--- DATASET RECORDS ---

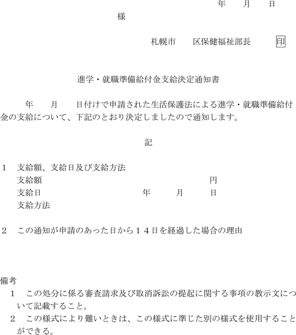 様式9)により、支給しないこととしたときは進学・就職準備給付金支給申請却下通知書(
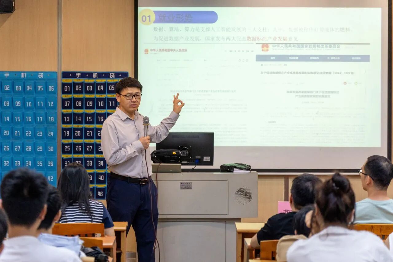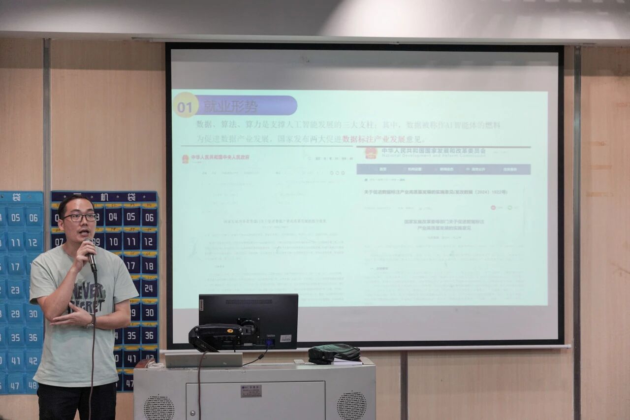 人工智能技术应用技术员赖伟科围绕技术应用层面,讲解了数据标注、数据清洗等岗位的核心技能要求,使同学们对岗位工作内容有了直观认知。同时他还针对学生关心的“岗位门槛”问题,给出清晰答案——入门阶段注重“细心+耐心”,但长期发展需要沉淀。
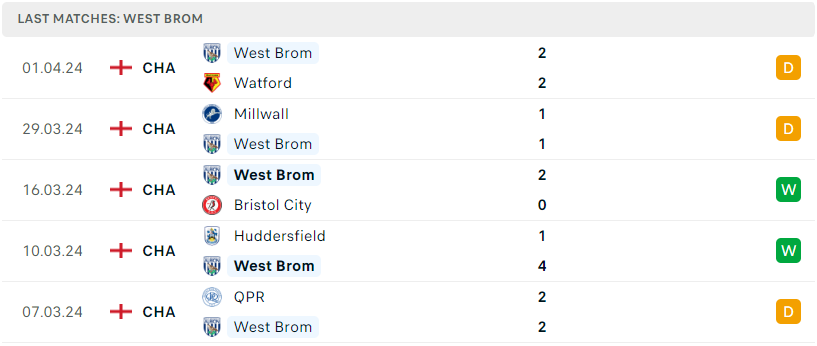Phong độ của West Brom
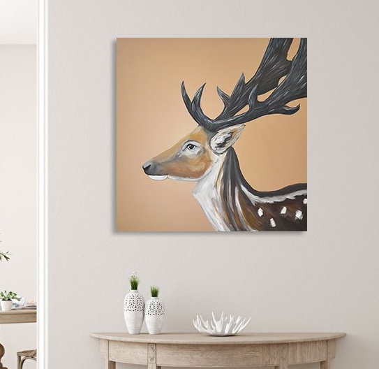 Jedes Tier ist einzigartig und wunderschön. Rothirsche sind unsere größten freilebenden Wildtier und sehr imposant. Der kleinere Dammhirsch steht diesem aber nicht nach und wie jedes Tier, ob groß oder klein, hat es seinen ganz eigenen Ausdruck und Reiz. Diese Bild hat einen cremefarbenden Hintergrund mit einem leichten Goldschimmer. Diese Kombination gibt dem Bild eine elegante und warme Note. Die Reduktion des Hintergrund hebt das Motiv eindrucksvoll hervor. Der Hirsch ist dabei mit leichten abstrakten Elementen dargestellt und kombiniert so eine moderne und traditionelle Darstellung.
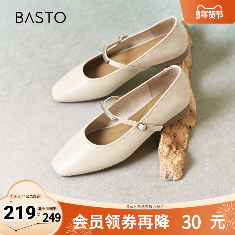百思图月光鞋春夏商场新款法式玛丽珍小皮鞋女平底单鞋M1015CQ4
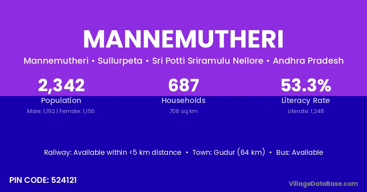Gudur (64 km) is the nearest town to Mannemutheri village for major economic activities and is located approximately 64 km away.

---

- _WORK REQUEST_:
Copy nothing outside the span: please output the lines from the one with "Jedes Tier ist" through the end of the entries above, and skip the pictures.

- _RESPONSE TO THIS EXERCISE_:
 Jedes Tier ist einzigartig und wunderschön. Rothirsche sind unsere größten freilebenden Wildtier und sehr imposant. Der kleinere Dammhirsch steht diesem aber nicht nach und wie jedes Tier, ob groß oder klein, hat es seinen ganz eigenen Ausdruck und Reiz. Diese Bild hat einen cremefarbenden Hintergrund mit einem leichten Goldschimmer. Diese Kombination gibt dem Bild eine elegante und warme Note. Die Reduktion des Hintergrund hebt das Motiv eindrucksvoll hervor. Der Hirsch ist dabei mit leichten abstrakten Elementen dargestellt und kombiniert so eine moderne und traditionelle Darstellung.
百思图月光鞋春夏商场新款法式玛丽珍小皮鞋女平底单鞋M1015CQ4
Gudur (64 km) is the nearest town to Mannemutheri village for major economic activities and is located approximately 64 km away.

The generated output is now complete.